Mais efetivo para a segurança pública do município seria a Prefeitura investir os valores que gastaria para criar e manter a Guarda Municipal, por exemplo, ampliando o número de psicólogos e assistentes sociais nas escolas para atender as crianças e adolescentes em situação de risco social ou ampliar o número de profissionais de saúde nos postos e no Hospital Esaú Matos.
Ou investir no Conservatório Municipal no sentido de transformá-lo em Escola de Artes, ampliando as opções de vida para as crianças e adolescentes pobres. Ampliar a Biblioteca Municipal ou criar outras bibliotecas em bairros de periferia. Implantar acesso à internet via wi-fi nos bairros, permitindo o acesso à informação, educação, cultura e lazer aos mais carentes. Investir na preservação da história do município por meio da criação de museus e da digitalização de documentos e conservação destes, com fácil acesso aos estudantes e pesquisadores. Quem sabe construir um “verdadeiro” teatro municipal.
Poderia criar uma estrutura que permita a coleta seletiva de recicláveis em todo o município, favorecendo as famílias que vivem da venda destes materiais, dignificando o trabalho destes e contribuindo de forma eficaz na preservação ambiental do município.
Talvez implantar um Centro de Controle de Zoonoses e um Serviço de Verificação de Óbitos.
Ainda, investindo no monitoramento das vias públicas facilitando a ação das autoridades municipais de trânsito (com repercussão direta na vigilância do município) e ampliando o número de agentes do SIMTRANS, construindo um pátio para a apreensão administrativa de veículos, implantando sistema de radar nas vias expressas e ampliando as ciclo-faixas e ciclo-vias.

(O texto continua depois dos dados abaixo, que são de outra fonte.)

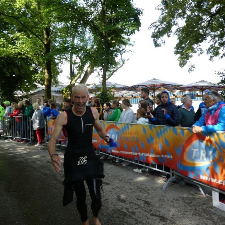 Der erste Triathlon 2018 ist angesagt. Viel mehr werden es auch nicht werden. Ok gut der Ironman Hamburg steht in 5 Wochen noch an :-) Meine Mädels und der kleine Zwerg waren auf jeden Fall fitter als ich um halb 7 Uhr morgens :-) Wir fuhren nach Chieming wo ich in der Wechselzone noch mein Bike und Wechselbeutel überprüfte. Nervös bin ich schon lange nicht mehr vor so einem Event. Meine Kumpels Woife und Mane waren auch mit am Start. Wir marschierten zum Strandbad, wo ich meine treusten und natürlich liebsten Fans Brigitte, Emma und Timi noch ein Bussi auf die Wange drückte, bevor es zum Start ging. Die Temperaturen waren ziemlich huschig, 11 Grad Außentemperatur und 19,8 Grad Wassertemperatur. Da freuten wir uns irgendwie schon fast auf den Startschuß, um ins "warme" Wasser zu kommen. Um 5 nach 9 Uhr ballerten die Böller in die Luft und wir ins Wasser. Für mich lief es super und ich kam ohne Gerangel die ersten 100 m hindurch. In den letzten beiden Wochen schwamm ich viel im Reifinger See mit Neo und das zahlte sich aus. Locker ballerte ich durch das ruhige Wasser. Entapannt stieg ich nach 34:28 Minuten, 2 km und auf dem 90. Platz aus dem Wasser. Ich war fast 2 Minuten schneller als im letzten Jahr. Für den Wechsel benötigte ich 3:28 Minuten und los ging es auf meiner schwächsten Disziplin, dem Radfahren. Klar erwartete ich etwas mehr von meinem nigel, nagel, neuen Airstreem Super TT. Ich brauchte ein paar Kilometer bis ich Fahrt aufnehmen konnte. Trotz einem teilweise 38 er Schnitt in der Geraden wurde ich immer wieder überholt. Nach 25 Kilometer kam dann eine 90 Grad Abbiegung und ich fuhr viel zu schnell hinein. Ich musste bremsen, aber der Hinterreifen rutschte weg. Ich entschied mich geradeaus in eine Wiese zu fahren. Hier hielt ich mich mit ca. 40 kmh so mit Ach und Krach auf dem Rad. Ich kam mir vor wie bei einem MTB Downhill :-) Ich ballerte durch die Wiese zurück auf die Straße und die nachfolgenden Triathleten jubelten mir zu und gratulierten zum gelungenen Stunt. Leck da ging mir die Düse :-) Ich fuhr dann doch etwas verhaltener weiter. Nachdem ich bei der Hälfte der Strecke an meiner Familie vorbeigerauscht war musste ich die erste Pinkelpause einlegen. Na toll wieder 10 Plätze verloren. In der zweiten Runde lief es an sich ganz gut, aber trotzdem wurde ich überholt und überholt. Kurz vor dem Ziel musste ich nochmals raus eine weitere Pinkelpause einlegen. Zefix das Chiemseewasser war anscheinend doch zu viel :-) Endlich war ich nach 2h 32 min 06 sec, 82 km und 850 Höhenmetern in der Wechselzone. Ich brachte es trotz eines 32,3 Schnitts nur auf einen 190. Platz im Radpart. Den Wechsel auf Lauf erledigte ich in 1 min 48 sec. Und nun konnten die Spiele beginnen: Ballern auf der 20 km Laufstrecke was das Zeug hielt. Ich krachte gleich mal in die erste Runde. Die Triathleten flogen nur so an mir vorbei und sahen nur noch meinen Rücken. Teilweise ballerte ich mit einer 3:45 er Pace durch die Reihen. Auf der ganzen Strecke wurde ich nur von 3 Triathleten und das waren Profis, unter anderem Jan Raphael überholt. Das ist meine Disziplin, das kann ich und ballerte 20 Kilometer auf der mit vielen kleinen Steigungen gespickten Strecke dahin. Brigitte, Emma und Timi gaben mir in jeder Runde noch den letzten Ruck um noch einen drauf zu setzten. Danke ihr Mäuse :-) Ich kassierte Triathlet um Triathlet ein. Schade das es nach 20 Kilometern zu Ende war, als ich nach 1h 25 min 50 sec. als Gesamt 64ter von 290 männlichen Teilnehmern und als Altersklassen 12. in einem mega stark besetztem Feld (Neef Sebi, Markus Fachbach....) ins Ziel einlief. Gesamt benötigte ich für die 2 km Swim, 82 km Bike und 20 km Run 4h 37 min 42 sec, über 5 Minuten schneller als im letztem Jahr. Was mich besonders freute war meine Laufleistung. Beim Laufpart waren nur 24 Männer vor mir und davon waren fast alle Profis. Eine 4:14 er Pace bei einer Mitteldistanz macht das möglich :-) Im Ziel erwartete mich meine Familie was mich an dem ganzem Rennen am meisten freute. Auch Woife und Mane konnten eine super Zeit verbuchen. Klar wurde das dann bei einem Weißbier gefeiert :-) Ich fuhr dann mit dem Tribike die 15 Kilometer nach Grassau zurück, während meine Mädels und Bubi mit dem Auto fuhren. Später gab es noch eine MTB - Spielplatz - Pizzeria Tour mit der Familie :-)

Uma Guarda Municipal, nos moldes do que se discutiu na Câmara de Vereadores, seria criada apenas para atender a uma falsa demanda por segurança da classe média-alta de Vitória da Conquista. Os recursos, para a criação e a manutenção da Guarda, sairiam de outros serviços prestados pelo município, sairiam das escolas, da saúde, da assistência social etc.
Certo estava Fernando Pessoa quando disse que “os deuses vendem, quando dão” e o preço quem vai pagar é a população pobre que precisa de creche, de escola, de posto de saúde, do CRAS, do CREAS, do CAPS, do CRAV, do Conquista Criança e de tantos outros serviços sociais deste município.
Vitória da Conquista, 21 de maio de 2017.
[i] Cada pistola vem com três carregadores com capacidade para 15 (quinze) munições.